Just the Nicest Couple by Mary Kubica

Just the Nicest Couple by Mary Kubica

Author:Mary Kubica
Language: eng
Format: epub
Publisher: Park Row Books
Published: 2022-11-16T16:14:52+00:00


* * *

We’re ten minutes late to the appointment, which does nothing for my mother’s or my stress. The biopsy is a fine needle aspiration, which I’ve read is the easiest as biopsies go. There are far worse types. I ask her if she wants me to come into the room with her, but she goes in alone.

It doesn’t take long. After the biopsy, we go out for dinner, though we’re both too worked up to eat, for the same and for different reasons. She is thinking about the biopsy results. I am too, but I’m also thinking about Jake and about the device I found on my car. I can’t stop thinking about it.

We go for Mexican, which was once my mother’s favorite. From across the table, I can see that she is tired. We eat, or try to eat—it’s mostly a wasted effort—and then we go home.

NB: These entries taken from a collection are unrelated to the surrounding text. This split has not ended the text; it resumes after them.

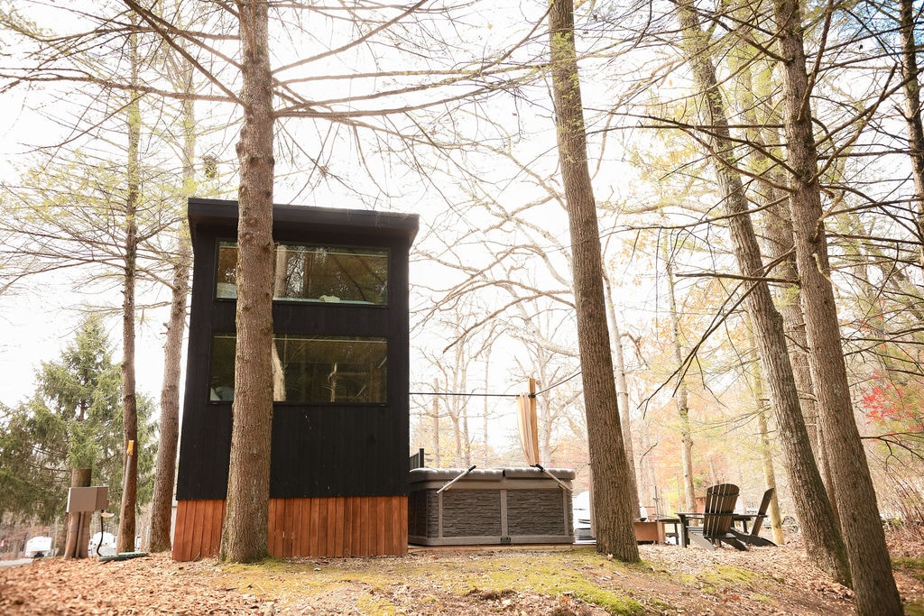 Enjoy the lovely setting of this romantic spot in nature. Enjoy some quiet time as you sit on the porch and listen to the Little Black Creek or relax in a Private hot tub! This modern and spacious tiny home is the place for you! Whether your looking to spend some quiet time with your partner or getting away with some friends. The tiny home is fully stocked with all the modern amenities needed to make your stay a memorable one.
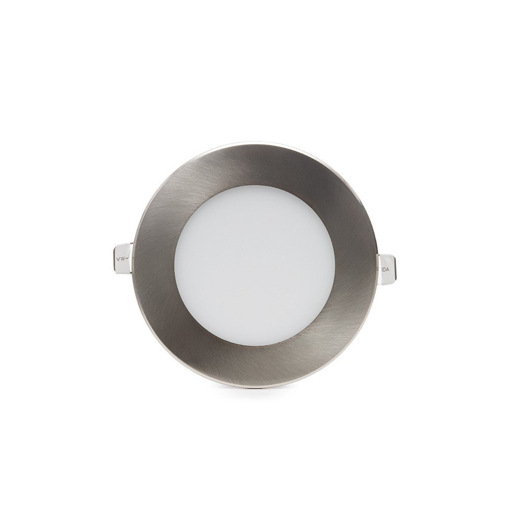 Acabado en color níquel satinado con aluminio. La placa tiene un grado de protección IP25 (válido para polvo y humedad en interiores), además de ser suficientemente robusto para las exigencias mecánicas requeridas. Esta placa está disponible en blanco frío (6000°K) . La temperatura de color indicada puede sufrir oscilaciones correspondientes a una tolerancia del 7%.
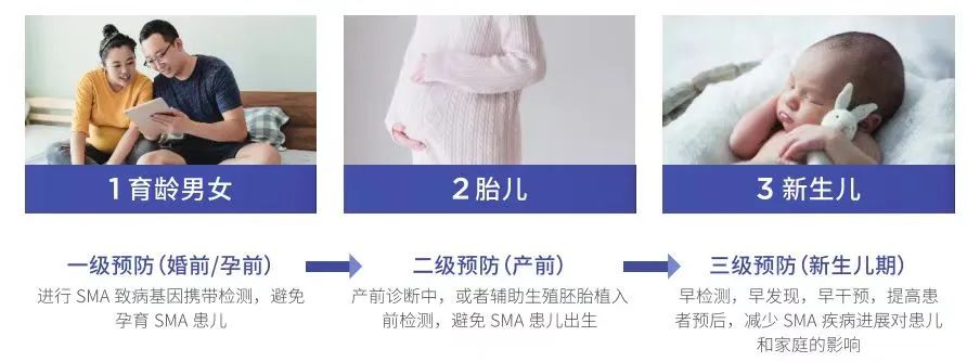 SMA,即脊髓性肌萎縮癥,是此次專家共識(shí)首先推薦篩查的遺傳病。該疾病是一種常染色體隱性遺傳神經(jīng)肌肉病,位居2歲以下兒童致死性遺傳病首位。新生兒發(fā)病率1/6000-1/10000,約每60個(gè)人中就有1個(gè)是SMA致病基因攜帶者。若父母雙方同為攜帶者,每次懷孕孩子有25%的幾率是SMA患者。因此,三級(jí)預(yù)防是把牢SMA防控關(guān)口的重要手段。

“Don’t think about it,” I say to her as I drive, reaching for her hand. “Easier said than done, I know, but there’s no point in worrying about the results when we don’t even know if we have anything to worry about.”

The house is completely dark as I approach, so dark it’s hard to see. Both the outside and the inside lights are off. It was late afternoon when we left for the doctor’s appointment. The sun wasn’t anywhere close to setting. I didn’t even think to turn a light on, distracted and not thinking how dark it would be by the time we got back home. We were gone for hours and, in that time, the sun went down, night fell.

I press the button inside my car to open the garage door—grateful for the light the garage gives off—and drive my car in.

After turning the ignition off, I get out and go toward the door, to let myself into the house while my mother is getting out of the car.

But a foot from the door, I become paralyzed. The door into the house is moving. It’s open. I can see it bobbing in place from the air outside as a cool breeze wafts in the open garage. The door isn’t standing wide-open, but it isn’t pulled fully closed either. I could open the door just by pushing on it.

I never would have left the door like this. I didn’t leave the door like this.

“Is everything okay?” my mother asks, coming to stand behind me. She sees my reluctance, how I stop briefly before the door, taking a breath, looking at it lapping in the wind against the frame like waves on the shore. “Did you forget to close it?” she asks.

I don’t want to tell her what I’m thinking because she’s already so stressed and worried about everything. I don’t want to make it worse. “I must have,” I say, stepping up to the door. I lay my hand flat against it, take a breath and press it slowly open, wondering who or what I might find on the other side.

I slip my hand in first, feeling for the light switch.